In this study, we carried out a meta-analysis of breast cancer GWAS studies and found four new loci associated with developing ER-negative breast cancer.

Results

Associations with ER-negative breast cancer

Genotype data for this meta-analysis were obtained from three sources: (1) 11 breast cancer GWAS included 5,139 ER-negative breast cancer cases and 14,352 controls (Supplementary Table 1); (2) The Breast Cancer Association Consortium (BCAC) included 7,333 ER-negative breast cancer cases and 42,468 study-matched controls genotyped on the iCOGS (Collaborative Oncological Gene-environment Study) custom array3; (3) The Consortium of Investigators of Modifiers of BRCA1/2 (CIMBA)26 included 15,252 BRCA1 mutation carriers (7,797 with breast cancer and 7,455 unaffected) genotyped on the iCOGS array (Supplementary Tables 2–4). Imputation was performed using the 1000 Genomes project as a reference20,27, and a meta-analysis was performed based on 10,909,381 common single-nucleotide polymorphisms (SNPs) that passed quality control (Supplementary Table 1).

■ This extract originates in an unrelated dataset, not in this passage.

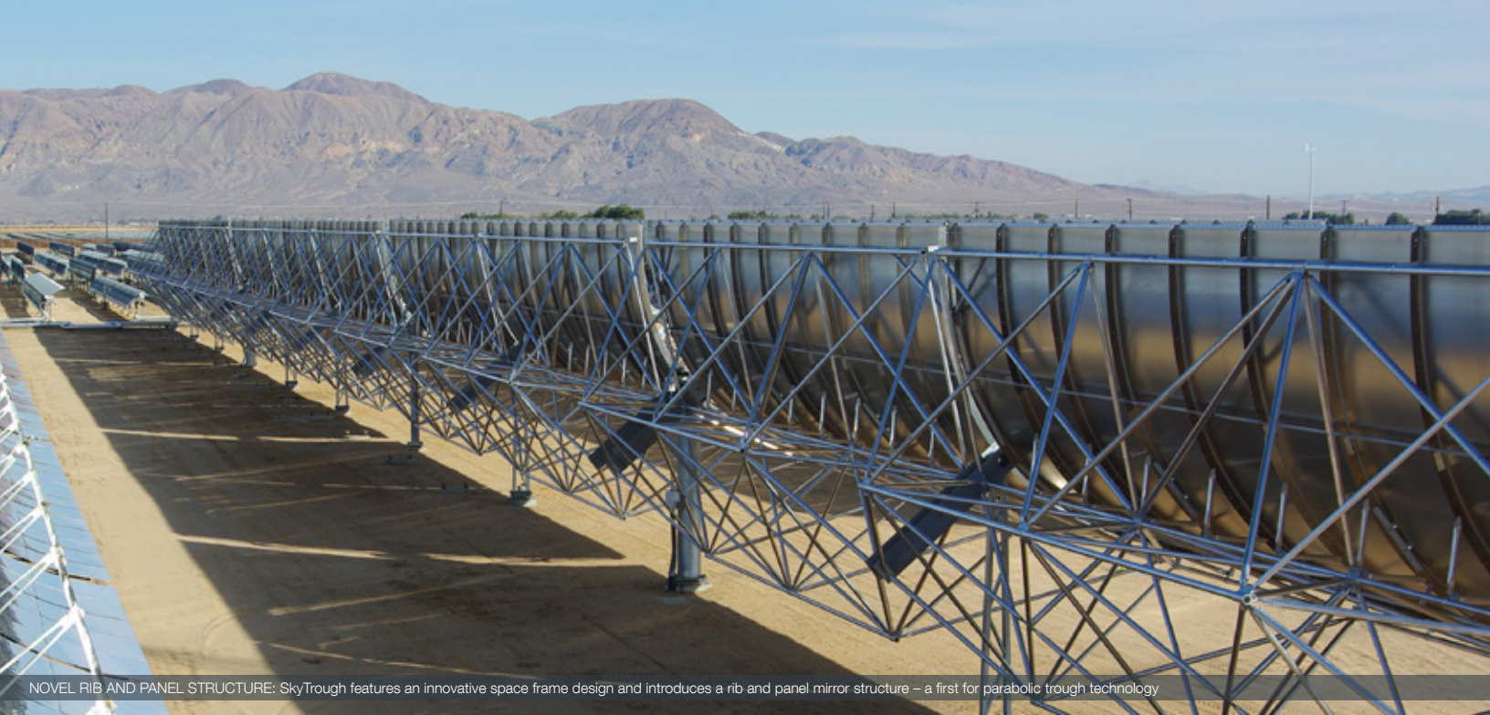
NOVEL RIB AND PANEL STRUCTURE: SkyTrough features an innovative space frame design and introduces a rib and panel mirror structure – a first for parabolic trough technology

We first considered SNPs in 94 regions in which genome-wide significant associations for breast cancer had been identified (Methods)20. In 55 of these, the SNP most significantly associated with overall breast cancer risk was significantly associated (P<0.05) with ER-negative breast cancer in the meta-analysis. Four more were associated with ER-negative breast cancer in the general population (P<0.05) but not in the meta-analysis, and 15 displayed genome-wide significant (P<5 × 10−8) associations with ER-negative breast cancer (Supplementary Table 5). In addition, new SNPs in three loci (rs10864459 from 1p36.2 PEX14, rs11903787 from INHBB and rs4980383 from 11p15.5 LSP1) were found to have genome-wide significant associations with ER-negative disease (Table 1, Fig. 1, Supplementary Table 5). Likewise, SNPs in the TCF7L2 locus previously associated with BRCA1 breast cancer22 and ER-positive breast cancer3,20 showed genome-wide significant associations with ER-negative breast cancer (Table 1). Interestingly multiple independent signals in several loci were associated with ER-negative breast cancer. In particular, three independent regions in the TERT locus28, two regions in PTHLH, and two regions in ESR1 displayed genome-wide significant associations with ER-negative breast cancer (Table 1). Furthermore, while previous studies established genome-wide significant associations with ER-negative disease for rs11075995 in one 16q12.2 FTO locus17, rs17817449 (r2=0.035) from a second FTO locus located 40 kb proximal to the rs11075995 tagged locus17 also displayed near-genome-wide significance (P=5.26 × 10−8) with ER-negative breast cancer in the meta-analysis (Table 1). In addition to the breast cancer loci established in studies of European women, three additional breast cancer risk loci were recently identified in GWAS of Asian women. To generalize the results to other populations, associations between the three SNPs and breast cancer in the European, African American and Asian populations in the iCOGS study were evaluated. SNP rs2290203 showed only weak evidence of association (P=0.02), and rs4951011 and rs10474352 SNPs showed no evidence of association with ER-negative breast cancer in the white European meta-analysis (Supplementary Table 6).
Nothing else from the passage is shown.